Frontman Ryan Schaefer — a sort of cathartic, adolescent Bono (or what-anthemist-have-you) venting a freshly broke heart — and his buddies began as a frenetic bar band; were spotted/endorsed/signed by The Black Keys’ Paul Carney; ‘discovered’ synthesizers and studio tomfoolery to make a taut and cheeky record in 2009’s Let It Beep; and have now tied a bow around themselves via tinkerer-by-trade Fridmann. You’ll smile and nod at the familiar elements: oceanic cymbals, guitars starched stiff, bubbling electronic abysses, keyboards vying to clinch the next “Kids.” In other words, the sound of this whirlwind of a new record meshes enough to suggest that its contradiction — between off-the-cuff rock/heartbreak and densely meditated sonics — is no contradiction at all. That is, I gather, the Fridmann Package Promise.

But though it might convey some sense of the group’s aesthetic, visualizing Royal Bangs as helplessly strung between their two main benefactors, Fridmann and Carney, overlooks the sheer quantity of sweat in this record. It’d be misleading to say that at this point they’ve ‘found their sound’: the majority of Flux Outside is as restless as ever. The difference, which may have to do with the sense that Fridmann’s got a dropdown of ‘FX favorites,’ is that this is the first Royal Bangs album to feel truly maximalist. Standard numbers like “Bull Elk” have a sort of flat awesomeness to them, with frantic banjo arpeggios one moment and barely-audible backwards choirs another. “Fireball” brandishes one of those “Kids”-vying keyboards exactly once after over a minute of instrumental handrubbing. All over the album, Schaefer’s handing off the mic like a relay baton to his past and future selves. No question this album is labored-over; dudes are clearly staple-gunning months and months of recording time.
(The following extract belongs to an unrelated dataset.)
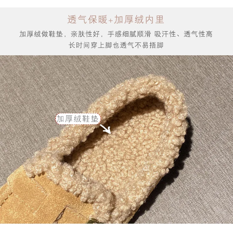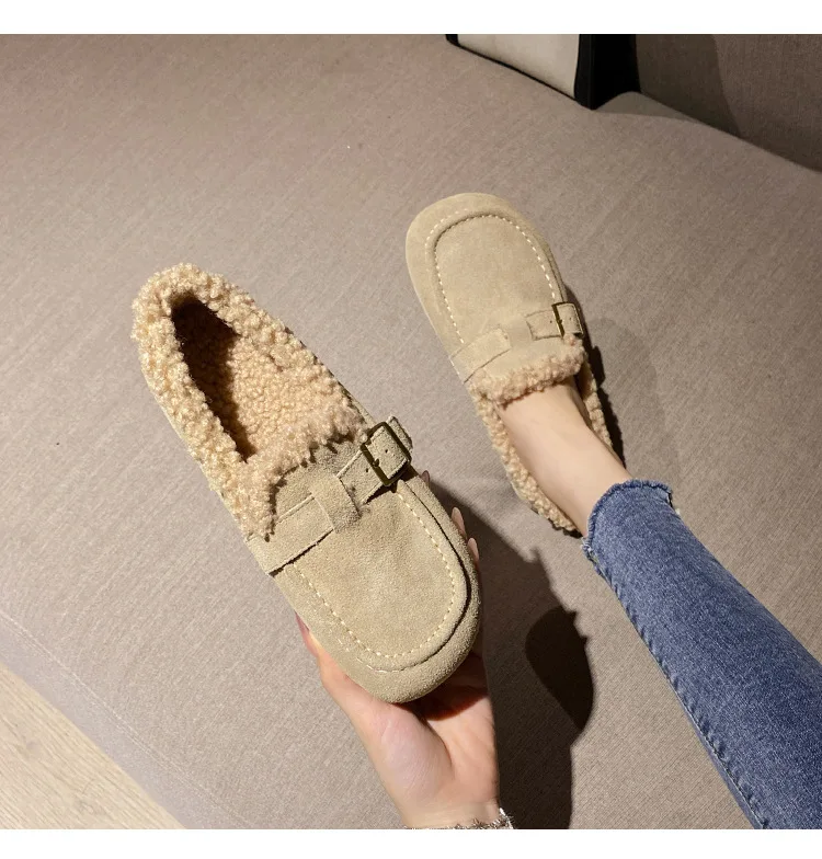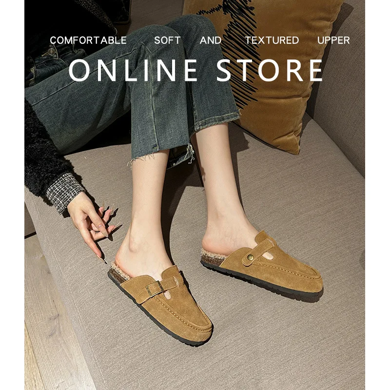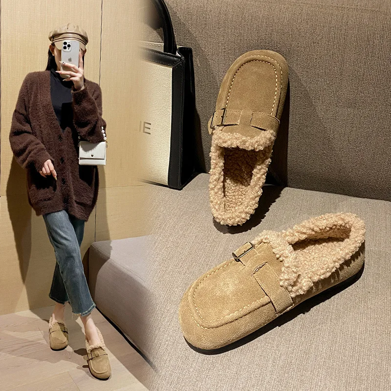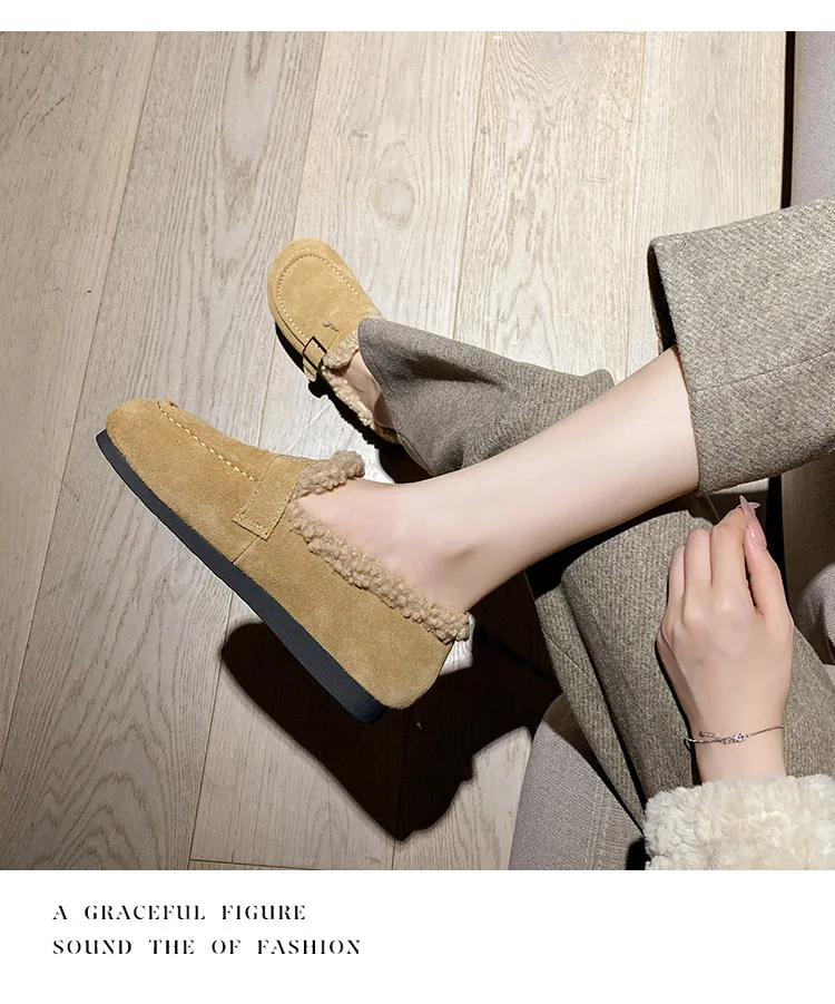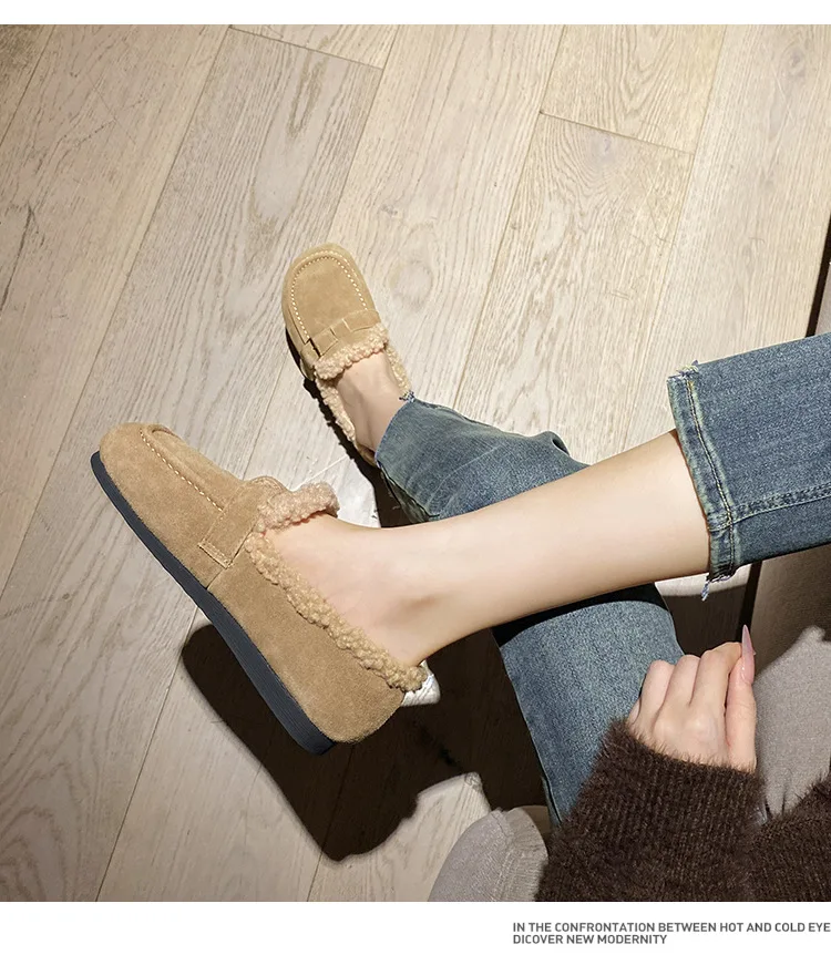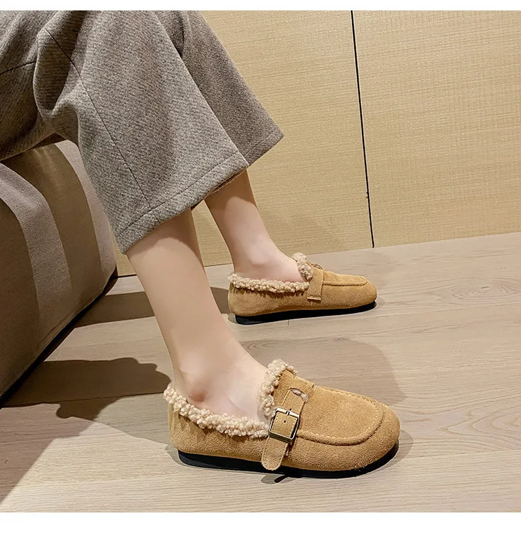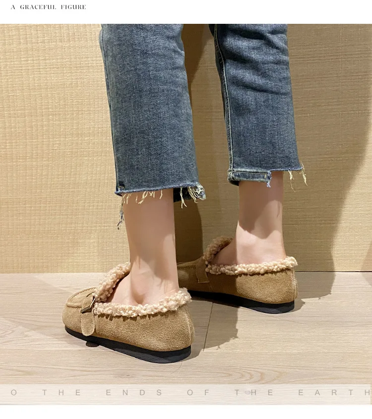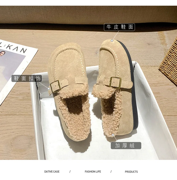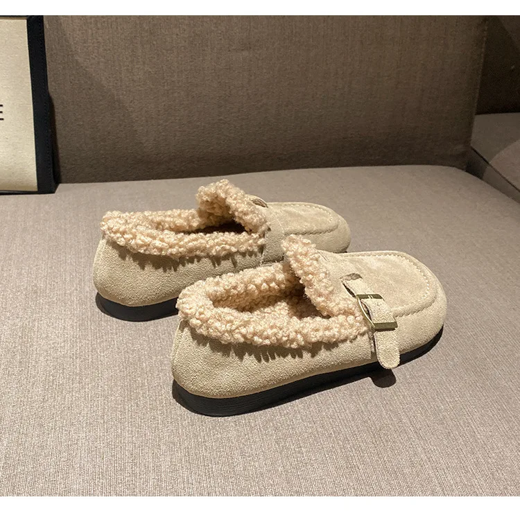 Winter Genuine Leather Pantuflas Shoes Woman Cover Toe Wool Fur Slides Femme Cork Slippers Home Slip On Warm Loafers Furry Mules

As a result of this compression, by a sort of physics, Flux draws particular attention to its cavities — like “Dim Chamber’s” broad, warm piano, or, more accurately, the absence of much besides. “Back Then It Was Different” has a rickety cycle of chords and Chris Rusk’s constant drumrolls leading into nothing in particular, but the mere fact that the song doesn’t change its goddamn mind as it dives right into its earnest singalong outro makes it a pillar on the album. “Bad News, Strange Luck” emerges like a slow-burner, but its careful pacing earns it a chiptune orgasm that would’ve been lost in one of the cloudier songs. Such highlights share a couple traits. First, like Dave Fridmann’s most famous projects, the songs have big, youthful hearts (no line from Flux Outside will stick with you like “I wanted it so bad back then”); a cynic might say that Fridmann has deliberately rendered Royal Bangs most successful as a ‘Dave Fridmann band.’

Most significantly, the best songs emphasize Schaefer’s role as a melodicist, which he takes on gallantly, if sporadically. The album’s production betrays a certain insecurity on someone’s part about Schaefer as the group’s central personality, and I get where it comes from: he sings about every topic like it’s heartbreak — the first line, “woke up to the news,” could just as easily be a breakup, a friend’s death, or Fox — which might leave some listeners in the dust. Double-tracking and reverbing his voice softens its edges, and when he knows what he wants (or what he wanted back then), it resolves into tuneful, deeply felt neo-psych pieces.

On the trademark Royal Bangs workouts, however, Schaefer rarely sounds like he’s yelling into the sonic hurricane that rises up around him; instead, he sounds more like another piece of debris. The upshot is that what seems to be Royal Bangs’ self-satisfied larger-label debut is actually a transitional record fraught with internal tension and possible directions: either the group’s catharsis continues to bulge until its tendons snap and whip, or they simmer down and conquer college radio an album or two down the line. Or (c) other. The thrill of Flux Outside is that, if it had its way, it wouldn’t stick around either.